By the way, another interesting report was devoted to the subject of sandboxing, which was already more aggressive - literally called: “How to get my own way out of the Adobe Reader sandbox”. Speakers: GUILLAUME LOVET and ZHENHUA LIU (I will not translate and distort, because I'm not sure that I heard their names correctly). The report, in fact, contains exactly what was said in the title. The conversation was about how the bug CVE-2011-1353 was found last year and how it was possible to use this bug. She just was to circumvent the limitations of the sandbox. Their conclusion: the sandbox is not a panacea. Cute, cool, interesting.



Well, I will not talk about each report. First, it was not at all, and secondly, it was easier to go by yourself and see what was there: https://blackhat.com/html/bh-eu-12/bh-eu-12-archives.html



I will also note a workshop from Nikhil Mittal (NIKHIL MITTAL), on the use of such things as Teensy, during penetration tests. In short, Teensy is a cheap programmable controller with a USB connector. Therefore, evil uncles use it as a HID device. Actually, we talked about this at the meetings of the DCG group in St. Petersburg, but Nikhil started a whole workshop. How to create, what to do, how to use, etc. In addition, he wrote a whole cloud of loads, such as: turning on Wi-Fi with a password such and such, lifting Meterpreter (backdoor from Metasploit). Enough is fun and exciting. Well, the topic of application - it is forbidden to connect storage and other devices, except for mice and keyboards (HID), to all politicians and tools there. And inserting Teensy into such a PC, we still execute arbitrary code and still infect it. It is clear that the same politicians and tools can protect against this, but, nevertheless, this is a real threat.
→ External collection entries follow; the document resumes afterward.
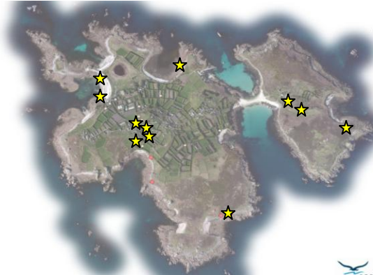
The 11 'rat on a rat' calls since March 2014, no rats recorded so far.

We will be offering half day training sessions on St Agnes after Easter. Pick a morning or afternoon. Details will follow shortly so keep an eye on the notice board. Now the visitor season has started, please do remain vigilant and in particular do remember to carry on with your bio-security protocols to keep rats away. But as ever, should you notice anything suspiciously ratty, just call that number!
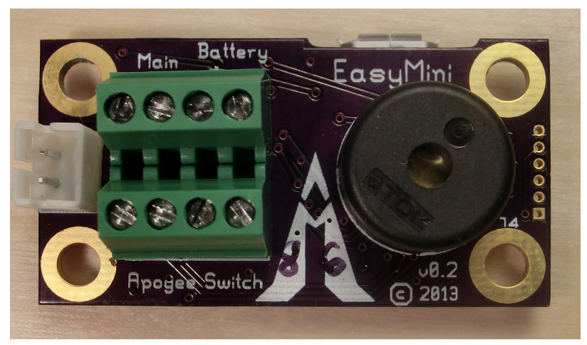
Figure 1. EasyMini Board

EasyMini is built on a 0.8 inch by 1½ inch circuit board. It's designed to fit in a 24mm coupler tube.
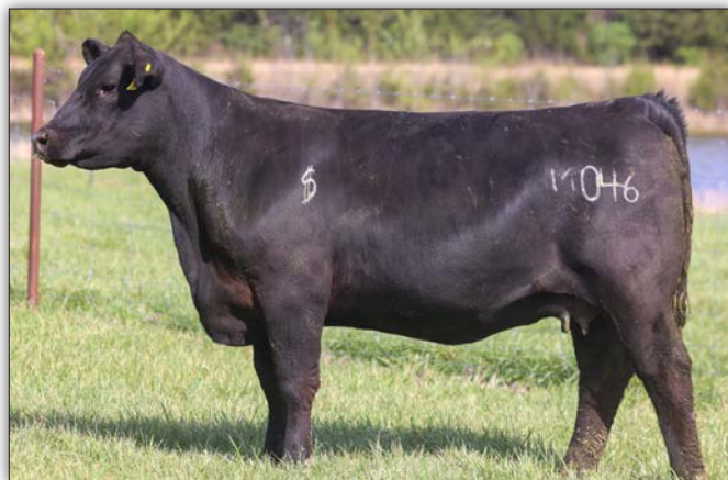
WSC Ruth K394 - Sells as Lot 69

Sells with a bull calf at side Lot 69A, Tag P019 born on 2/8/26 (Reg-21564931) PE to Voss Maximus on 4/10/26 until sale time.
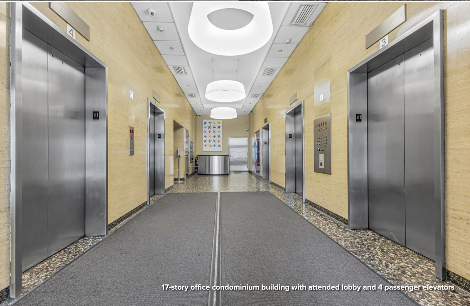
17-story office condominium building with attended lobby and 4 passenger elevators
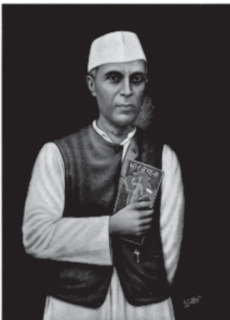
Fig. 13 – Jawaharlal Nehru, a popular print.

Notice that the mother figure here is shown as dispensing learning, food and clothing. The mala in one hand emphasises her ascetic quality. Abanindranath Tagore, like Ravi Varma before him, tried to develop a style of painting that could be seen as truly Indian.
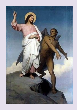
"Have you seen my servant Job?"
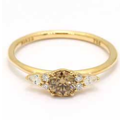
Cedar 030982 in 18k YG
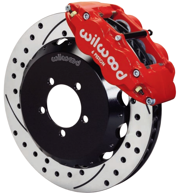
Subaru Brake Kit Assembly, 13.06" Kit Shown Download High Resolution Photo, Click Here
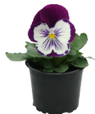
Purple & White VW0405R/E
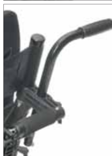
03/ 04 Driving handles (Below) come in two lengths; 30 and 50 cm.
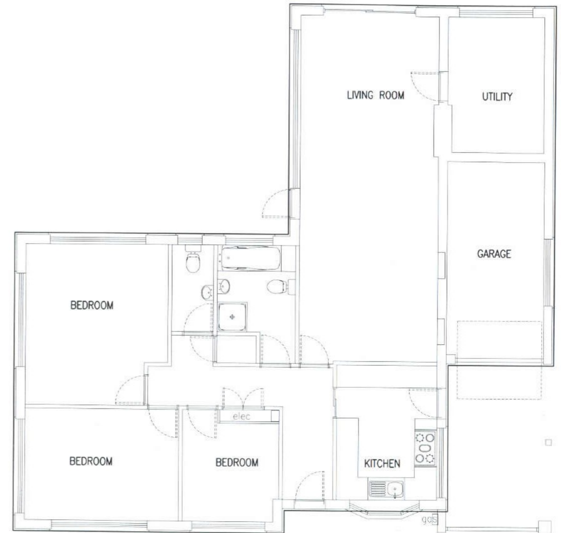
GROUND FLOOR PLAN FOOTPRINT 145m2 GROSS
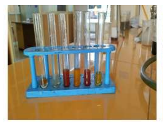
Fig: preliminary test (1)

Five ml of extract solution was mixed with 5 ml of Fehling's solution equal mixture of Fehling's solution A&B & boiled. Formation of
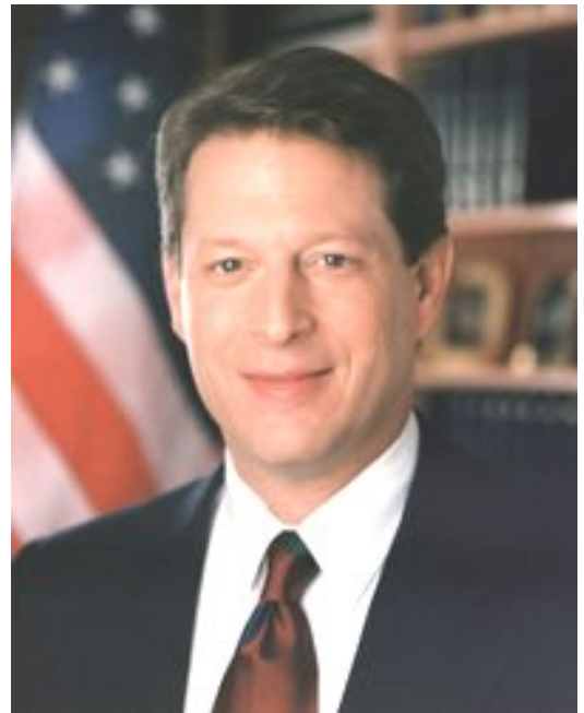
Al Gore, when Vice-President, 1994
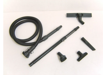
# 323600 - Ø1.25" (Ø32 mm) Standard Tools and Accessories (Kit #1) - Optional
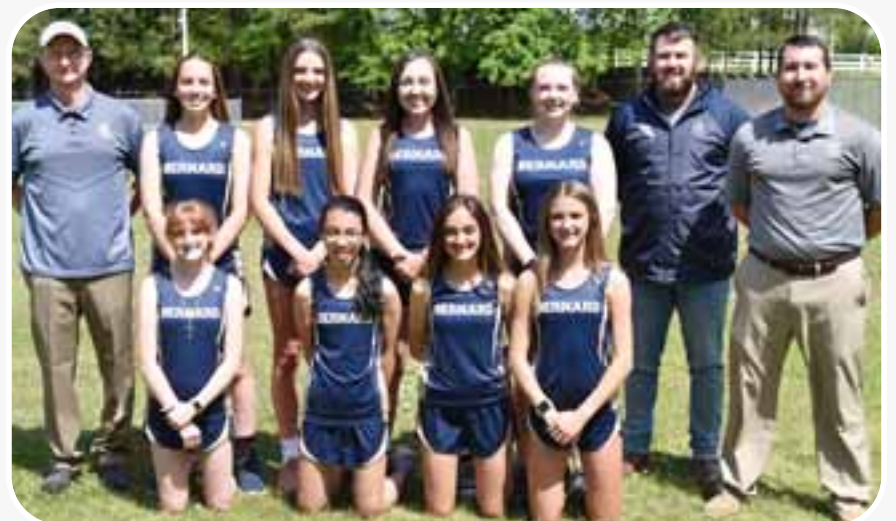
Girls Track and Field

We also hanged out with Nikhil, and he revealed to me the joys of Indian cuisine. Man he is smart and interesting. In addition, I was able to communicate with such giants of the hack-world as Peter Van Eukhot (corelancoder, www.corelan.be ), Dmitry Sklyarov (told a lot of very interesting things), Felix Linder and many others. The atmosphere was fairly informal, despite the "status". On the second day of the conference in one of the Amsterdam bars there was a party from IOActive, where everyone could get an unlimited number of drinks at the expense of the sponsor, which, of course, only contributed to the communication and getting positive emotions. Returning to the reports, there were 2 reports from Russia, one of mine - about pen-testing and 0-day, as well as bugs in Lotus , and the second from Dmitry Sklyarov and Andrey Belenko - with this report Dmitry will also speak at PHD in Moscow, so Not everything is lost. And my report will also see the light at the DCG # 7812 meeting, as well as at the CONFidence conference in Krakow, also in May.



In addition, the conference was a section for the demonstration of developments and software, where Andrei Labunets, a good man and a student of Tyumen State University, spoke, demonstrating his fuzzing framework - Windbgshark. Quite a curious thing: network fuzzer with support for windbg scripts and modification of requests in real time, as well as displaying the structure in wireshark. He even showed one 0-day in the MS code, which was found using his fuzzer.



Summing up, I would like to note the zero presence of the Russian audience at foreign conferences. Understanding the reasons for this is not difficult. But still somewhat offensive. At the same time, I would like to note that the share of Ukrainian visitors is stable - in the area of ​​one person per conference. Last year it was at CONFidence that I met Gleb from the Ukrainian Information Security Group, this year - with Nazar from SoftServe. People are drawn to the knowledge and exchange of experience. It is inspiring!





In the photo: Andrei Labunets, I am d00kie , Nazar, Dmitry Sklyarov.